Starting with the line that has "或者,在模型樹中的「負載」上" in the records below and stopping after the line that has "1年生がアサガオを植えるため", output every line exactly and nothing else; skip pictures.

Supplied material section start

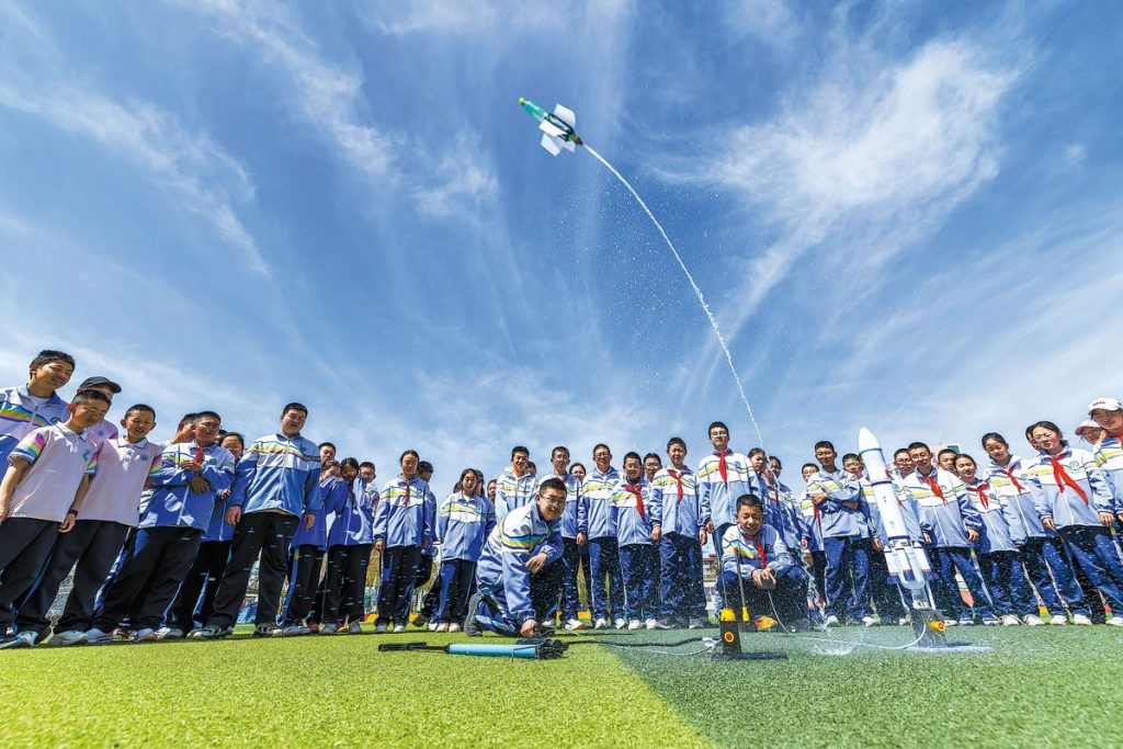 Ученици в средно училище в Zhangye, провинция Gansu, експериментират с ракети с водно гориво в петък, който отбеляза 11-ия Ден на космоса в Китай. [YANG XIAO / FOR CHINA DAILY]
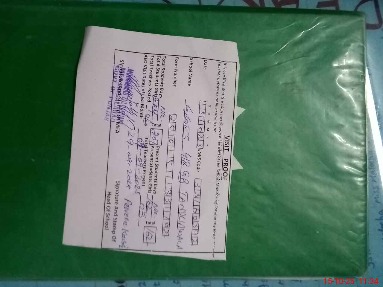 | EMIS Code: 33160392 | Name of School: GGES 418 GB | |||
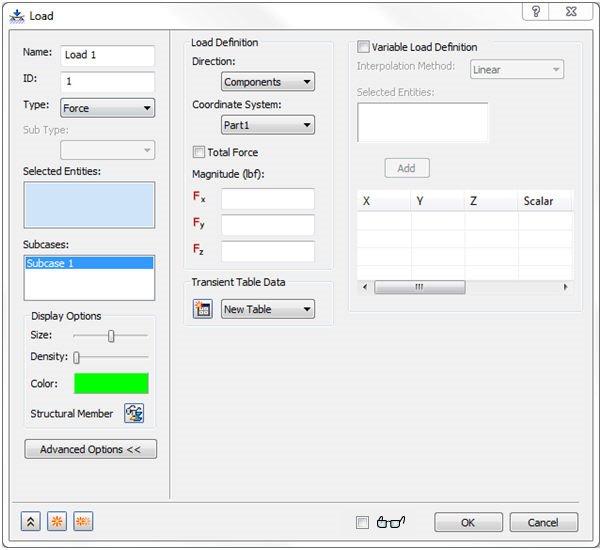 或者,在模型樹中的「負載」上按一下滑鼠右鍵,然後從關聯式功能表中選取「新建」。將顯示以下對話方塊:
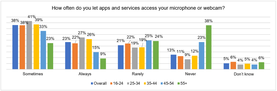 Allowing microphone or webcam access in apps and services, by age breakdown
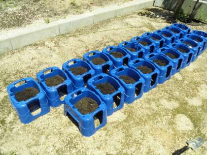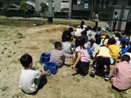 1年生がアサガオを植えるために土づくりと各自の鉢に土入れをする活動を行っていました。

Supplied material section end
Supplied material section start

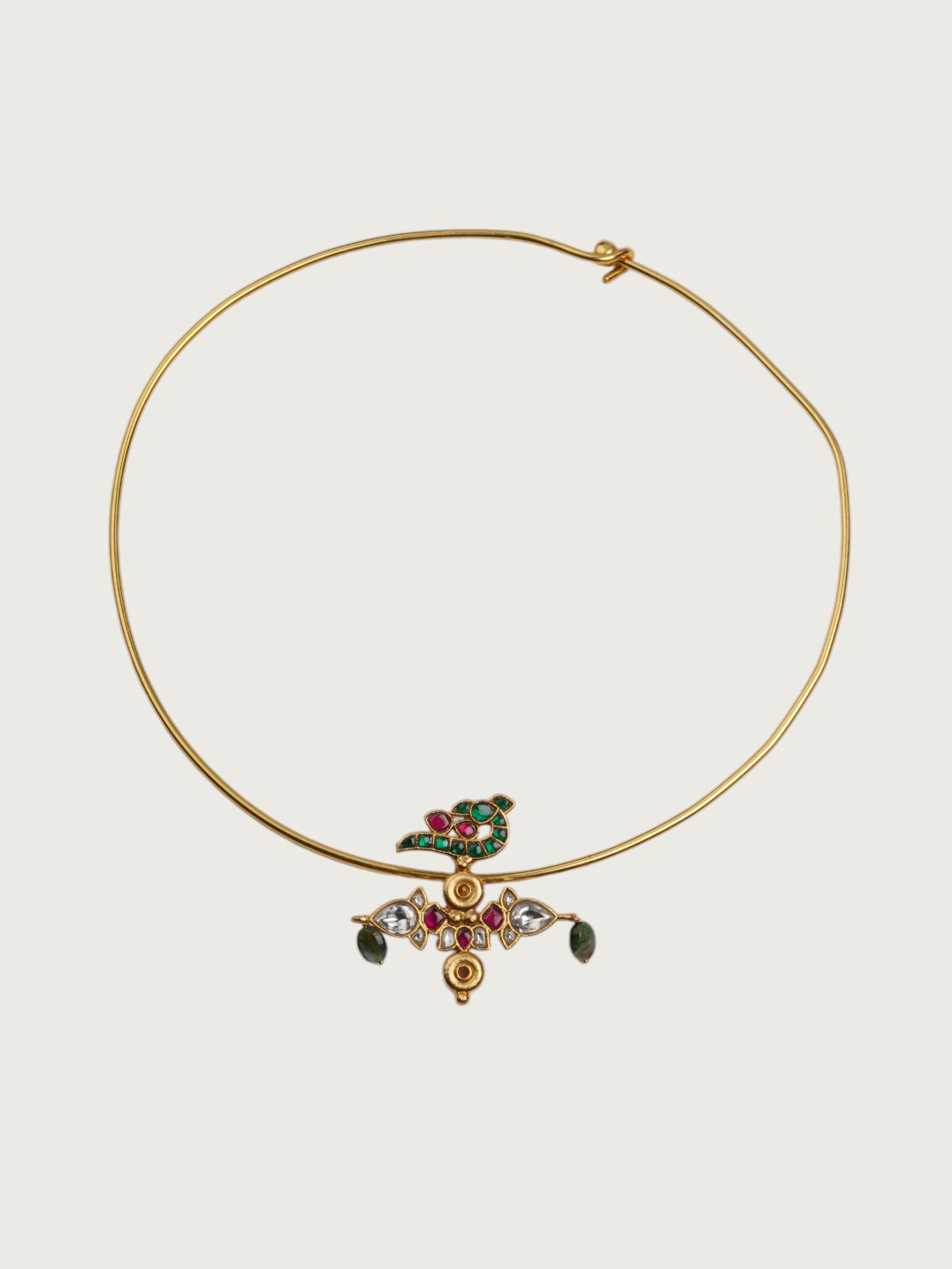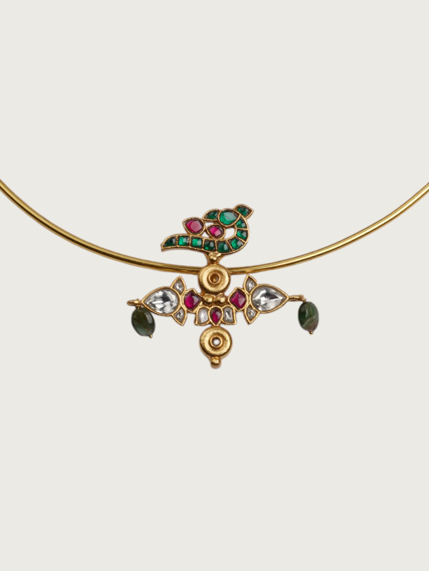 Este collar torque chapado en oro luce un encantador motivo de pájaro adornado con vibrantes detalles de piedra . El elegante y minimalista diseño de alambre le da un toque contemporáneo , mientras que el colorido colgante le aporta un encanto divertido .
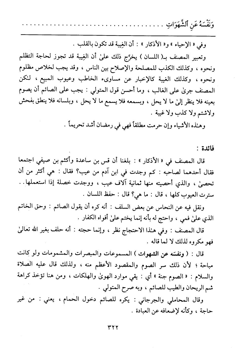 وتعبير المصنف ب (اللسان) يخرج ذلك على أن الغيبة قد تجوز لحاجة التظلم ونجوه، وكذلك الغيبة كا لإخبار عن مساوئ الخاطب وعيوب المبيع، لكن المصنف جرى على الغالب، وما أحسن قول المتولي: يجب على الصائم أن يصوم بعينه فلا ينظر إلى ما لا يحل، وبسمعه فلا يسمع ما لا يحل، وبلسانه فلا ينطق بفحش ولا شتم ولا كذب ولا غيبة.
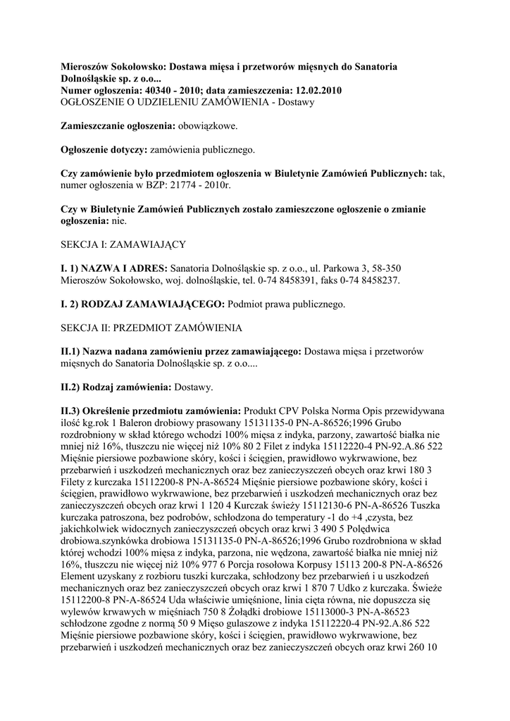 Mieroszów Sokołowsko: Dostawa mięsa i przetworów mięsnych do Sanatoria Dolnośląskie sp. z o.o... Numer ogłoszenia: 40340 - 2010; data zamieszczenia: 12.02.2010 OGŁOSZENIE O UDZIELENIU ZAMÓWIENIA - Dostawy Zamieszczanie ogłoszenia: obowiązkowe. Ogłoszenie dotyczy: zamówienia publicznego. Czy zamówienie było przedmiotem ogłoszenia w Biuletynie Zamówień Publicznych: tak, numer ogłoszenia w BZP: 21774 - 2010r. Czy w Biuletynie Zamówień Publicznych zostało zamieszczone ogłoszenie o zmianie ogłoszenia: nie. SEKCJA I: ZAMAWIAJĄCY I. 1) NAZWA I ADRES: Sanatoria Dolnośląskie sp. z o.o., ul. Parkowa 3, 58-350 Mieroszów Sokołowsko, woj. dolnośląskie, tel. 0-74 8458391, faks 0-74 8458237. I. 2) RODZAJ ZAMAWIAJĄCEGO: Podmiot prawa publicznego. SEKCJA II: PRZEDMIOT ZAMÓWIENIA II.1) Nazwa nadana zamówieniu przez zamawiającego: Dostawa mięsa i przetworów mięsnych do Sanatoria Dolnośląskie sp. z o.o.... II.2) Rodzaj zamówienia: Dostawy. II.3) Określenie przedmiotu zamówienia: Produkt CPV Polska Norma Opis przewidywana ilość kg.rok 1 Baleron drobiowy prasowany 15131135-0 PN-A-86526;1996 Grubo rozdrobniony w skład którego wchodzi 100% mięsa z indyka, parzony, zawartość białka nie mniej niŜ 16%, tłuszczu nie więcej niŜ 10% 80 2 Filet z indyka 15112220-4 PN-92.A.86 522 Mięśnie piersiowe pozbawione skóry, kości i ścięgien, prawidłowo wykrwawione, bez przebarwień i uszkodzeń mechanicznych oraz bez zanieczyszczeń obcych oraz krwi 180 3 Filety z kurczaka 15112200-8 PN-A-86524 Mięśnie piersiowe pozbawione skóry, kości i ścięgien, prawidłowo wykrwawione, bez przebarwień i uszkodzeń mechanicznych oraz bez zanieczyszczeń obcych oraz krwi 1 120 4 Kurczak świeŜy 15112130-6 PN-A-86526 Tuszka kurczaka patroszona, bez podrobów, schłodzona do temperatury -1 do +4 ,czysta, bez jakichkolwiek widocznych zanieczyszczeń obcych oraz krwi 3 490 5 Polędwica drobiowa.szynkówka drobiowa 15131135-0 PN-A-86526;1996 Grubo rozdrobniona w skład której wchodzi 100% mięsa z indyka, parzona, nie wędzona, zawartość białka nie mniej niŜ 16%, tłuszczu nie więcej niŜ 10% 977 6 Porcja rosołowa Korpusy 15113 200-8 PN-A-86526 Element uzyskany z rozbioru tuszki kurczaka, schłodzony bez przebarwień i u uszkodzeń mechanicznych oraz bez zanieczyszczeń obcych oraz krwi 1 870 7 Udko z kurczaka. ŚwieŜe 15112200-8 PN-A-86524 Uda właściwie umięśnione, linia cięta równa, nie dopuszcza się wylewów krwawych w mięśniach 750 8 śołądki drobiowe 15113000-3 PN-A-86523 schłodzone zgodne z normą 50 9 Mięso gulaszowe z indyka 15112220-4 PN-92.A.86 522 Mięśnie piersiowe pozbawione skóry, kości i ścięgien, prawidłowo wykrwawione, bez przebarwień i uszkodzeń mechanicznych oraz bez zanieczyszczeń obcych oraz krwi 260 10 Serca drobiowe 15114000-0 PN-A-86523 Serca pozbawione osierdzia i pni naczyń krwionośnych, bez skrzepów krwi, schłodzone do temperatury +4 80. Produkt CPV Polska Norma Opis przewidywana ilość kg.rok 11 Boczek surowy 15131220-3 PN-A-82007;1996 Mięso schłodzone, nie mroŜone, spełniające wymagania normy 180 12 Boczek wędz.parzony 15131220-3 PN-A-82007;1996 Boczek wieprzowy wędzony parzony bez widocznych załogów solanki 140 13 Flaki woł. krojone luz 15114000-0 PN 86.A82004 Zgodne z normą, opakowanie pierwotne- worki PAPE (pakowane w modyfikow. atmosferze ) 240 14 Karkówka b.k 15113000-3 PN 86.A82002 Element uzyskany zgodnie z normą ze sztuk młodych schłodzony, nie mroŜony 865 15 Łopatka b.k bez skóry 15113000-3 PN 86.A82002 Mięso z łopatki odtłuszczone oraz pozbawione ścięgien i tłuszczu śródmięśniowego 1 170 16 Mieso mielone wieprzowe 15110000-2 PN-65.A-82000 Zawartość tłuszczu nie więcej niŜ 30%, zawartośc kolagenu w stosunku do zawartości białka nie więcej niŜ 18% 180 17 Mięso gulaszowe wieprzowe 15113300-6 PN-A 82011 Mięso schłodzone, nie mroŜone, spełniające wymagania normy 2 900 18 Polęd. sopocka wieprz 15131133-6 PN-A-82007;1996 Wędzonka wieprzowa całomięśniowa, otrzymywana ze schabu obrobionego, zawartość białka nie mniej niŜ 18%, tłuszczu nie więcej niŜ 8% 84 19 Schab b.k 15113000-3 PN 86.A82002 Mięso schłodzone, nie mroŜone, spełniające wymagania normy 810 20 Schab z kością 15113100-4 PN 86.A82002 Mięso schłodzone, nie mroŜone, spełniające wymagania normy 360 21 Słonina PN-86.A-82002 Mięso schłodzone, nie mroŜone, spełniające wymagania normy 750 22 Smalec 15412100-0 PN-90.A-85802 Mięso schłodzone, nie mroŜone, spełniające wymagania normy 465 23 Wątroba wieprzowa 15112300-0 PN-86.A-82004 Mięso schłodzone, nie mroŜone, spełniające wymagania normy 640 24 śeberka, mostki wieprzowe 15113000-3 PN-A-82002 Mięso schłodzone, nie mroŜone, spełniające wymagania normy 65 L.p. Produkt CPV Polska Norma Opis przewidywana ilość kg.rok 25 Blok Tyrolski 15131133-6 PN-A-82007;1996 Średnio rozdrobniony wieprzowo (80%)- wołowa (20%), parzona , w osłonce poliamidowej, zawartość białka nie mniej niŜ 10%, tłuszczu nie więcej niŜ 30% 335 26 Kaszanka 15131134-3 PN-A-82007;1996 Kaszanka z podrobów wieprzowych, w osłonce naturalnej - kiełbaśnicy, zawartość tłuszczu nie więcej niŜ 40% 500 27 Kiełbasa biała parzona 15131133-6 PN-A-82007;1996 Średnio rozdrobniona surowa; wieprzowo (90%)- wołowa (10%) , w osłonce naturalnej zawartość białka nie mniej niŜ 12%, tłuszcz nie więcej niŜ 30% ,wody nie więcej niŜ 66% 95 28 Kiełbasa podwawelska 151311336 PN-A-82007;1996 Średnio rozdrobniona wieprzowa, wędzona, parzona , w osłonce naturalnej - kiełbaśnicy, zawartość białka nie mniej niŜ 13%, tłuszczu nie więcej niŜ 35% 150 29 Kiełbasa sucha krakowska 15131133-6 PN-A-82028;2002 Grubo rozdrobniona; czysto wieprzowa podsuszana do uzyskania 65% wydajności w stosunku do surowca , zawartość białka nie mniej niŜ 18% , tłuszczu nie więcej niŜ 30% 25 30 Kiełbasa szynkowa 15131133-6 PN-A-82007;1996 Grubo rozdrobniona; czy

Supplied material section end

Solution for this task:
 或者,在模型樹中的「負載」上按一下滑鼠右鍵,然後從關聯式功能表中選取「新建」。將顯示以下對話方塊:
 Allowing microphone or webcam access in apps and services, by age breakdown
 1年生がアサガオを植えるために土づくりと各自の鉢に土入れをする活動を行っていました。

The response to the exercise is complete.